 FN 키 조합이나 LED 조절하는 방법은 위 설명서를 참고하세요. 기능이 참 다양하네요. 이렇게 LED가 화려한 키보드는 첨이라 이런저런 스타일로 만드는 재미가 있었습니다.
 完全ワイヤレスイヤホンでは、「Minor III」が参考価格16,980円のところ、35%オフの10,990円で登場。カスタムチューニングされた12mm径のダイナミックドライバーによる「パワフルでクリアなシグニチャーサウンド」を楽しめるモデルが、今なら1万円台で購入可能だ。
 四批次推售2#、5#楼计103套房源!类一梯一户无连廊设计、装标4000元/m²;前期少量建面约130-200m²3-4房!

####

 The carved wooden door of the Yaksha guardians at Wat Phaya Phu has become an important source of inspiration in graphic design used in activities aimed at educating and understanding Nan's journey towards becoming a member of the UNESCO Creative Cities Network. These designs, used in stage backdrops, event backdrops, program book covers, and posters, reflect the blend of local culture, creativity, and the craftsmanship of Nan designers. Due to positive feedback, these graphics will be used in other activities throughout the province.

####

### EXERCISE REQUIREMENTS
The response should hold exactly the lines starting at the line with "FN 키 조합이나 LED" and ending at the line with "四批次推售2#、5#楼计10", and no other line of the material above.

### SOLUTION TO THIS EXERCISE
 FN 키 조합이나 LED 조절하는 방법은 위 설명서를 참고하세요. 기능이 참 다양하네요. 이렇게 LED가 화려한 키보드는 첨이라 이런저런 스타일로 만드는 재미가 있었습니다.
 完全ワイヤレスイヤホンでは、「Minor III」が参考価格16,980円のところ、35%オフの10,990円で登場。カスタムチューニングされた12mm径のダイナミックドライバーによる「パワフルでクリアなシグニチャーサウンド」を楽しめるモデルが、今なら1万円台で購入可能だ。
 四批次推售2#、5#楼计103套房源!类一梯一户无连廊设计、装标4000元/m²;前期少量建面约130-200m²3-4房!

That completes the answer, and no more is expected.